Il rinascimento del vino bianco italiano

Spesso le cose accadono quando in un uomo si genera un’idea in un momento storico propizio.

L’uomo, figlio di osti e oste lui stesso, si chiama Mario Schiopetto. Il momento è quello del grande boom economico italiano, sono gli anni ‘60. L’idea, semplice ma per gli anni ambiziosa, è quella di un vino bianco non ossidato che conservi in bottiglia i profumi dell’uva.

Bisogna ricordare che all’epoca il vino bianco italiano era quasi universalmente ossidato. Prodotto da noi per alzata di cappello, le bucce iniziavano a fermentare insieme al mosto rilasciando sostanze ossidative che distruggevano gli aromi dell’uva.
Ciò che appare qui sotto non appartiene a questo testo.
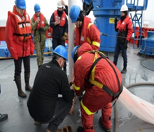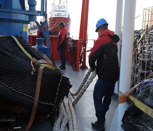 dos puntos aptos para el piston corer, el equipo se aproximó al primero, donde el despliegue de la draga confirmó la presencia de sedimento fino, permitiendo el posterior muestreo con un testigo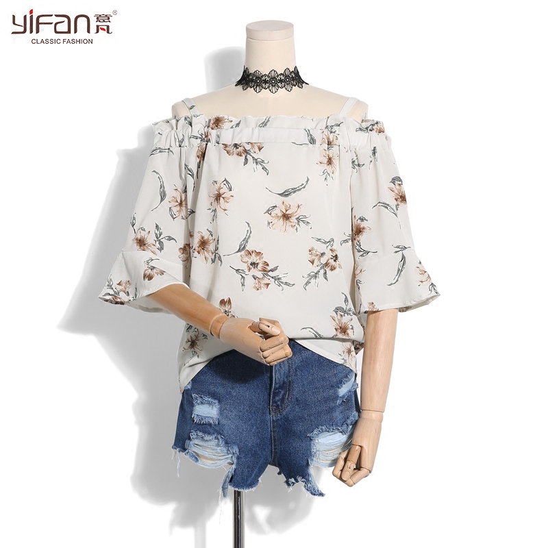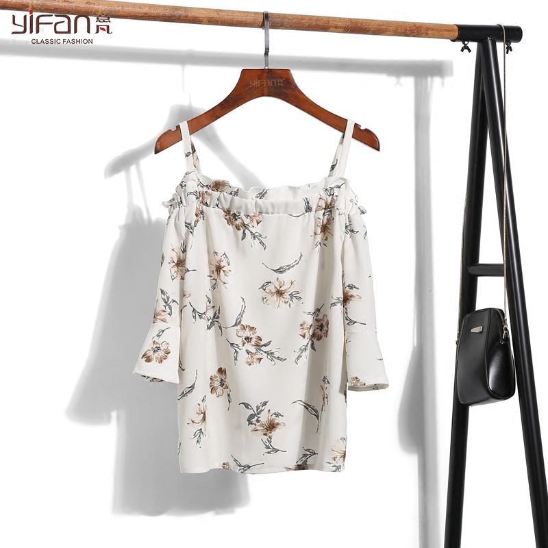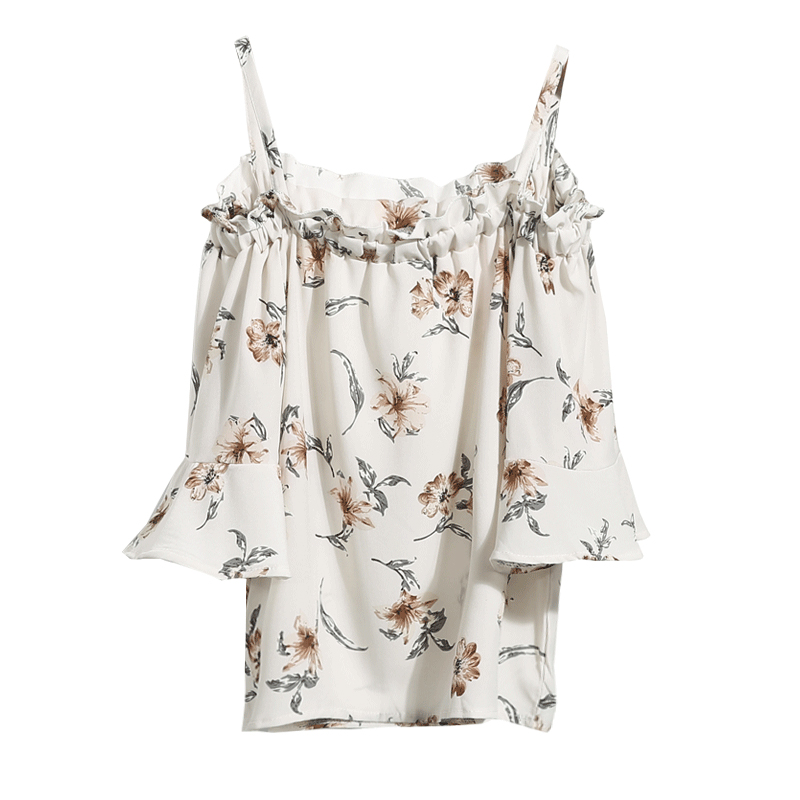 夏季甜美荷葉邊喇叭袖一字領露肩碎花雪紡衫露肩吊帶上衣女七分袖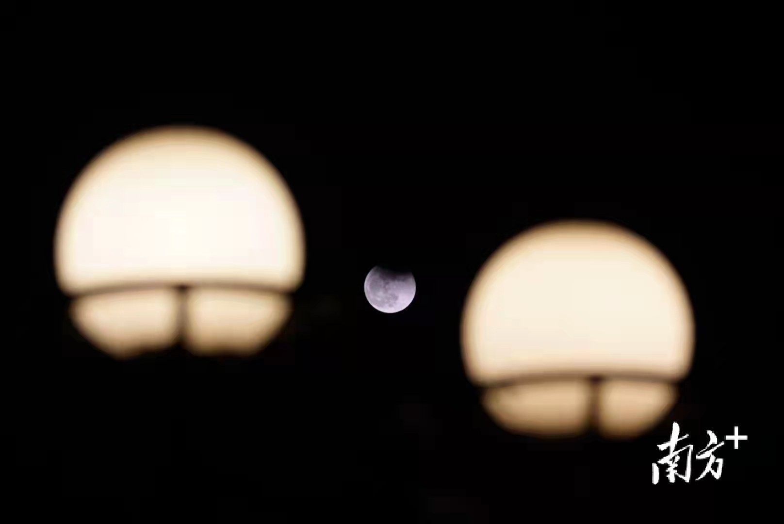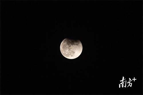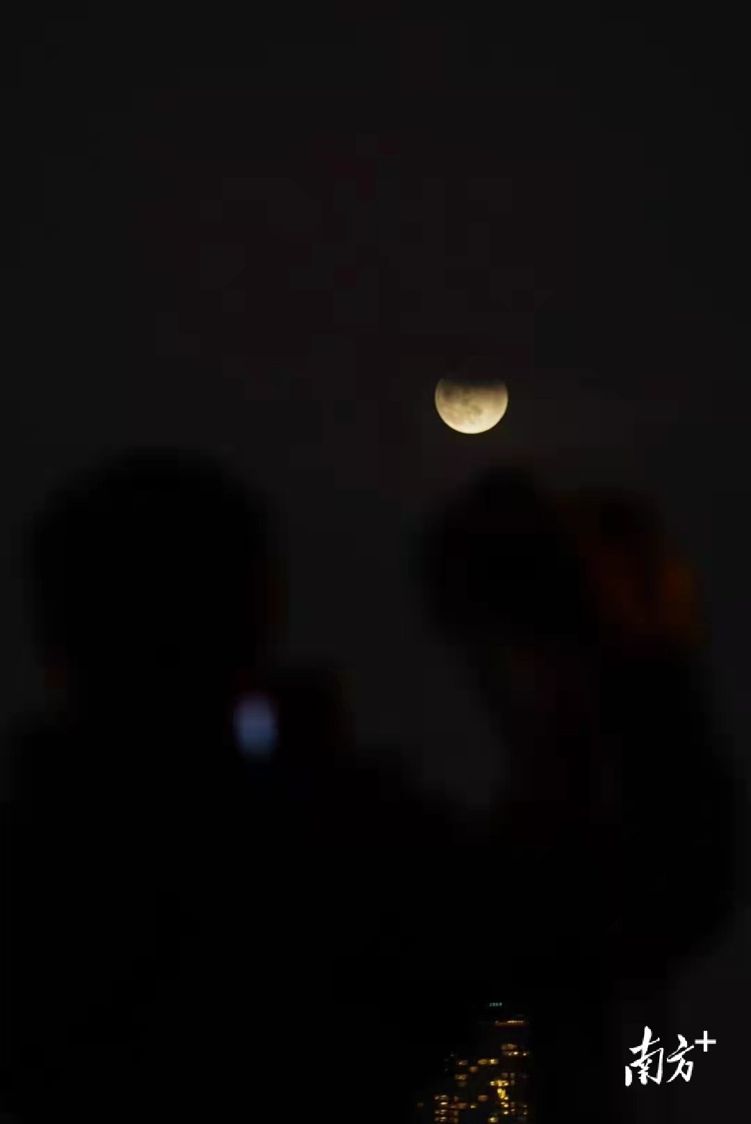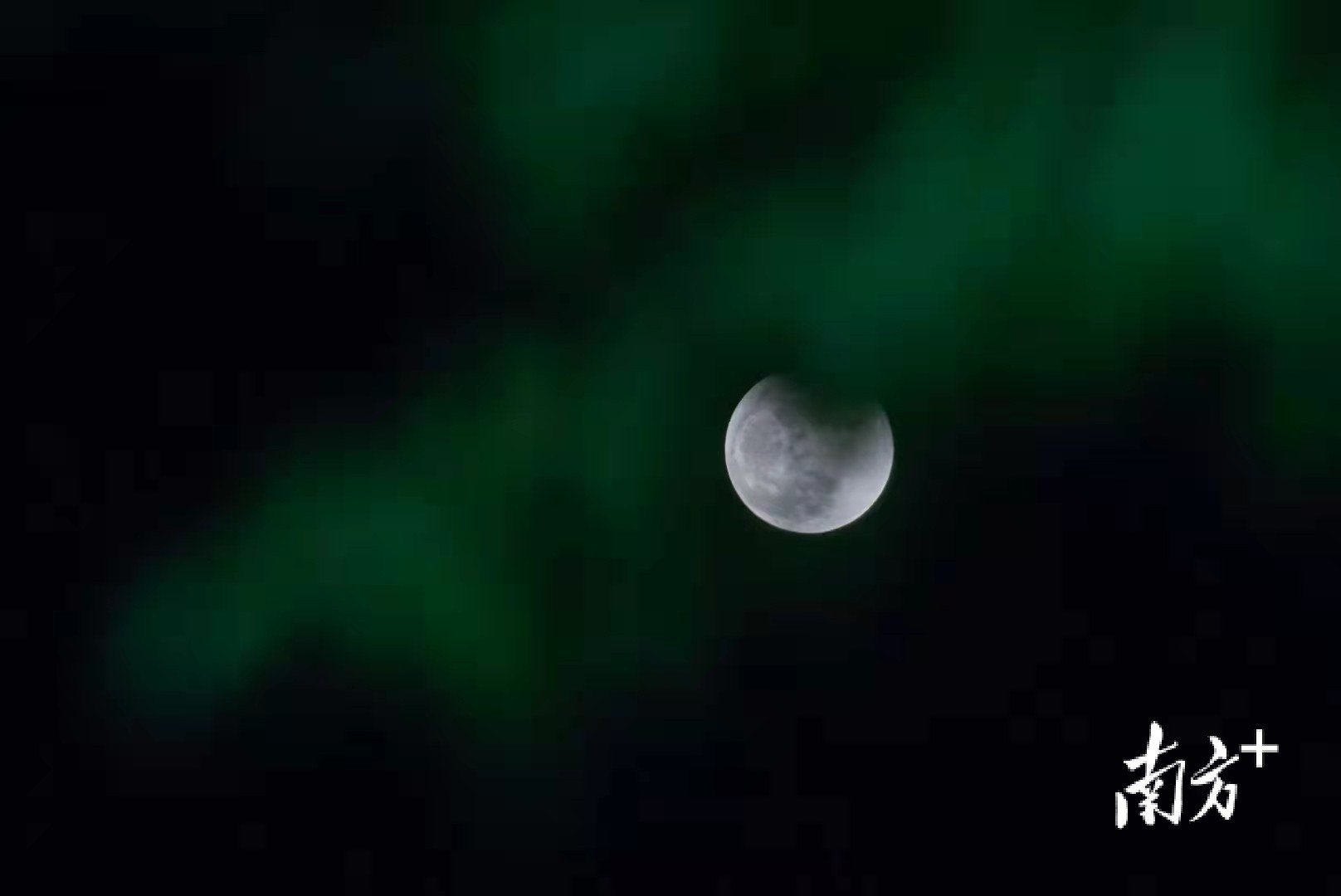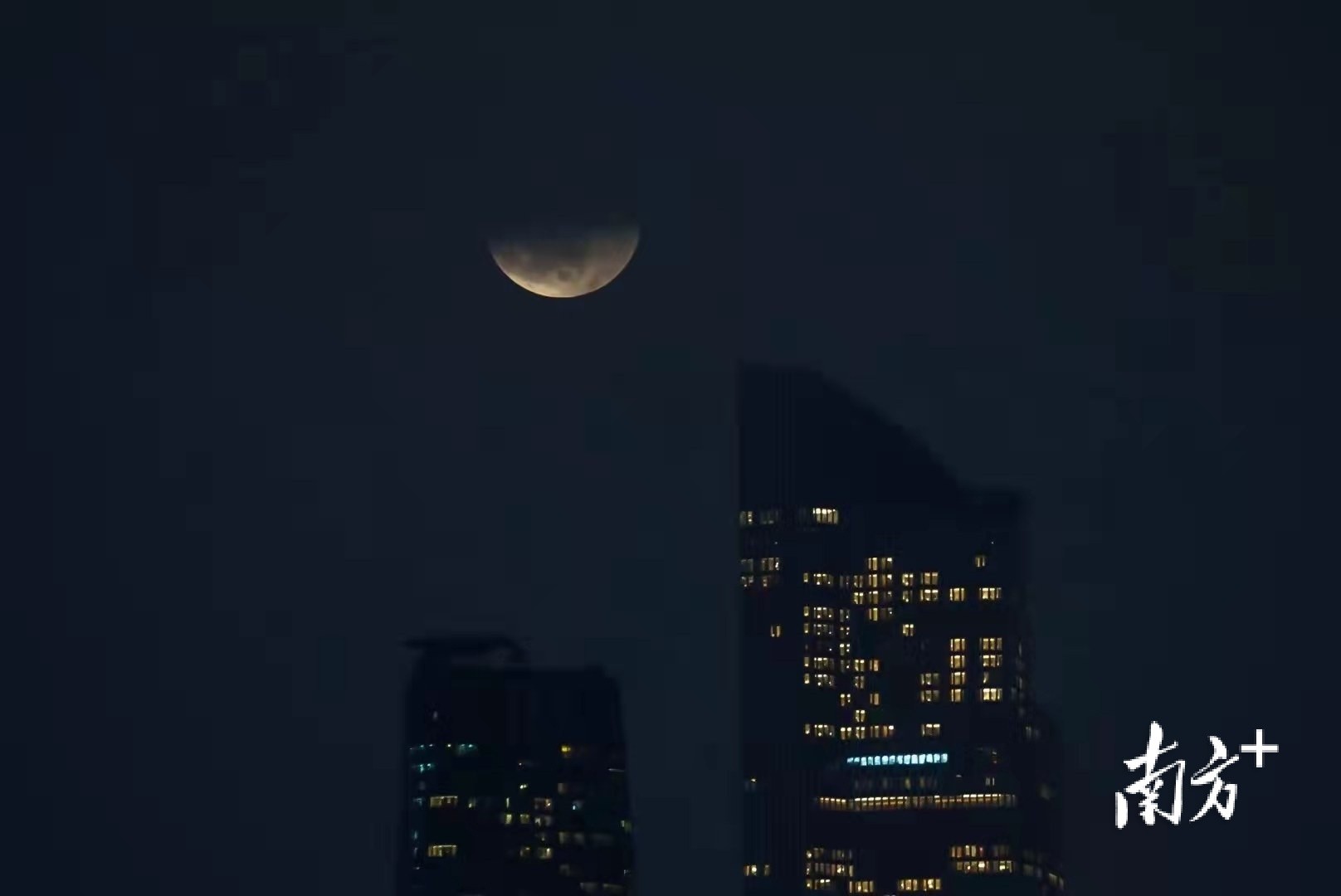 11月19日晚6时许,广州上空出现月偏食的天文景象。在天气晴朗的条件下,本次月偏食,在我国绝大部份地区皆可观赏。由于广州今日多云偏阴,月偏食在“食甚-复圆”的环节方可在市区观测到。本次月偏食在北京时间15时18分迎来初亏,17时03分迎来食甚,18时47分迎来复圆,过程历时3小时29分。本次月食也是今年最后一次月食。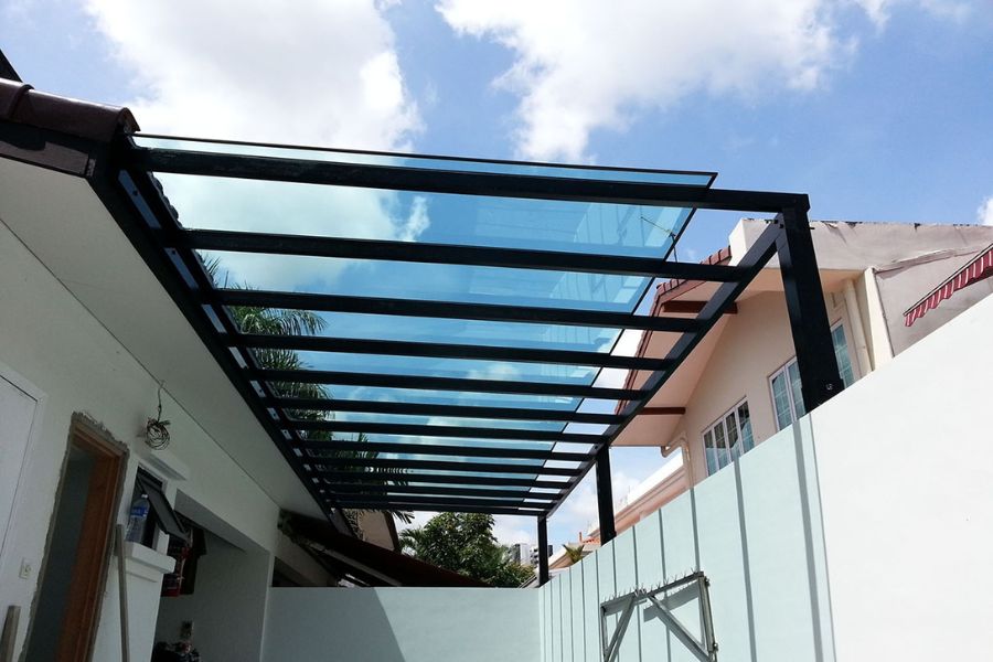 Hệ thống mái kính được sử dụng nhiều nhất là kính cường lực với khả năng chống chịu tốt trước thời tiết xấu và loại kính dán an toàn.
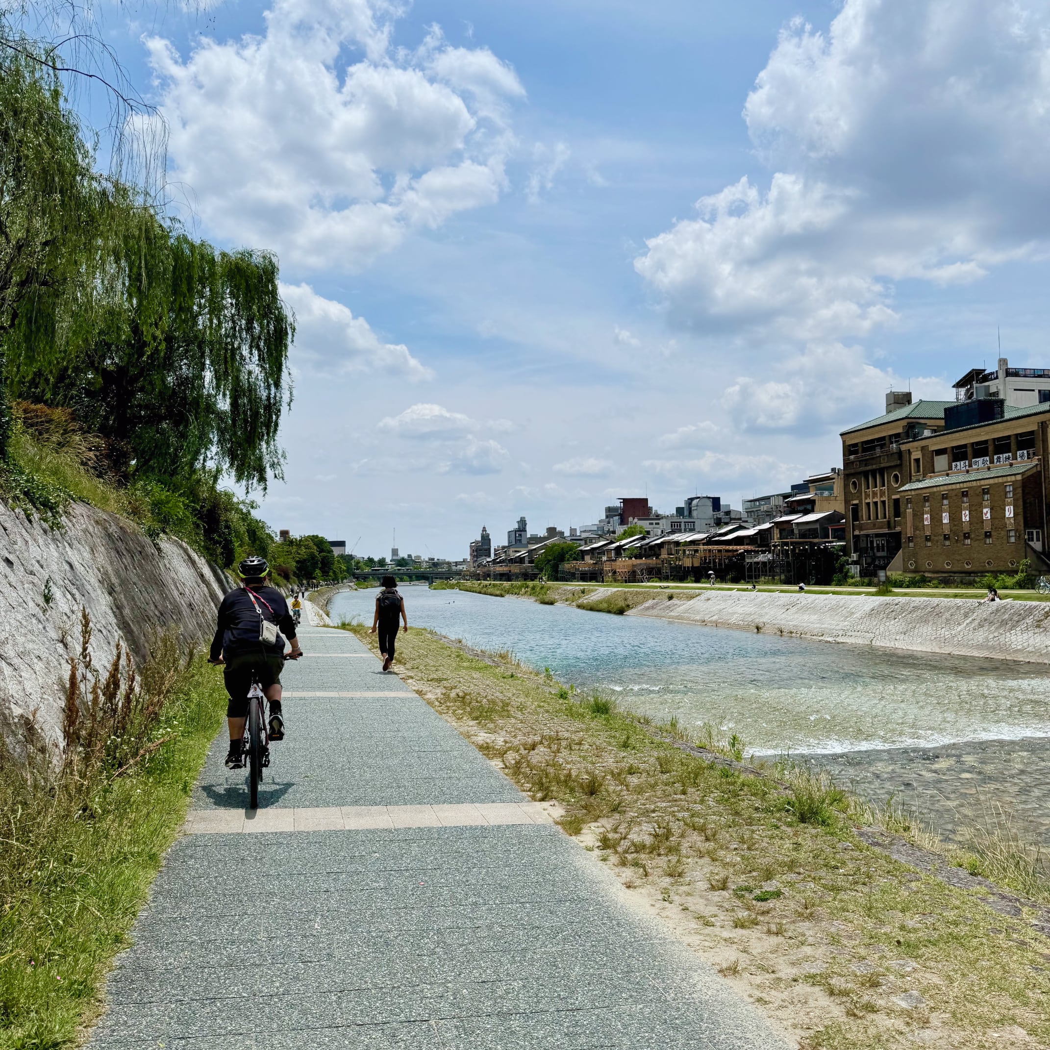 ランチの後は鴨川の河川敷を南下。そぞろ歩きの散歩やはしゃぐ観光客で賑う牧歌的な小路が続く。自転車でもゆっくりペダルを漕ぐのがちょうど良い。京都駅近くの塩小路に至って小休憩。このあたりは再開発地域で、金網が巡らされた更地を走るのはダーク・ツーリング的。高瀬川沿いを北上し、三条通りの手前でライドを終える。終盤の木屋町通は次第に混雑し、午後の用務への世俗感が強まっていった。

Mario si guarda intorno, sa dei grandi riesling tedeschi, viaggia molto e diviene amico di Müller-Späth, un enologo prestato alla Seitz, industria leader nella produzione di tecnologia enologica. Il Collio parla di nuovo tedesco.

Mario rivoluziona il modo di produrre il vino e di venderlo. Introduce la vinificazione in bianco realizzata separando il mosto dalle bucce con una pressatura soffice prima dell’inizio della fermentazione. Introduce la tecnologia del freddo per preservare gli aromi dell’uva durante la fermentazione. Va a vendere il suo vino nei grandi centri del triangolo industriale italiano, Milano, Genova, Torino, intuendo che il vino diviene grande solo se trova i suoi compratori lontano.

Quasi contemporaneamente un rampollo di un’antica famiglia goriziana, il Conte Sigismondo Douglas Attems di Petzestein  dopo aver perso con l’ultima guerra la gran parte delle terre rimaste in Jugoslavia capisce che bisogna cambiare e raduna intorno a sé un gruppo eterogeneo di conti e contadini per fondare nel 1964 il Consorzio di Tutela Vini del Collio, intuendo con grande lungimiranza che un prodotto vincente destinato a viaggiare deve portare un nome che lo faccia riconoscere come unico. Ecco un altro personaggio che se parla un italiano corretto, pensa certamente in tedesco. Il Conte assume un entusiasta e giovane siciliano diplomato a Conegliano, Gaspare Buscemi. L’enologia, per la prima volta nella storia, entra nelle buie e anguste cantine di terra battuta e dentro gli strettini dei soci del Consorzio Collio. Le idee rivoluzionarie si diffondono.

Ogni rivoluzione ha i suoi cantori. Il Collio li trova in alcuni intellettuali che gli fanno da sponda nel mondo della carta stampata. Ne cito due per tutti: Mario Soldati e Luigi Veronelli. Fa capolino nella cultura italiana un’idea nuova: il vino può essere anche buono. Fino ad allora, gli scrittori italiani, con l’eccezione di Tomasi di Lampedusa (che tuttavia al suo Principe fa bere rigorosamente Champagne), il vino è principalmente una sostanza ad azione psicotropa. E’ la droga dei poveri, come per il Renzo Tramaglino de I Promessi Sposi, che dopo il terzo bicchiere scorda ciò che gli accade insieme ai suoi affanni. Il vino buono diviene così vessillo di un nuovo manifesto della vita materiale. In loco, il giornalista Isi Benini fonda Il Vino, importante rivista a tiratura nazionale edita a Udine. La rivoluzione si fa sistema e il Collio si fa “Il grande bianco d’Italia”.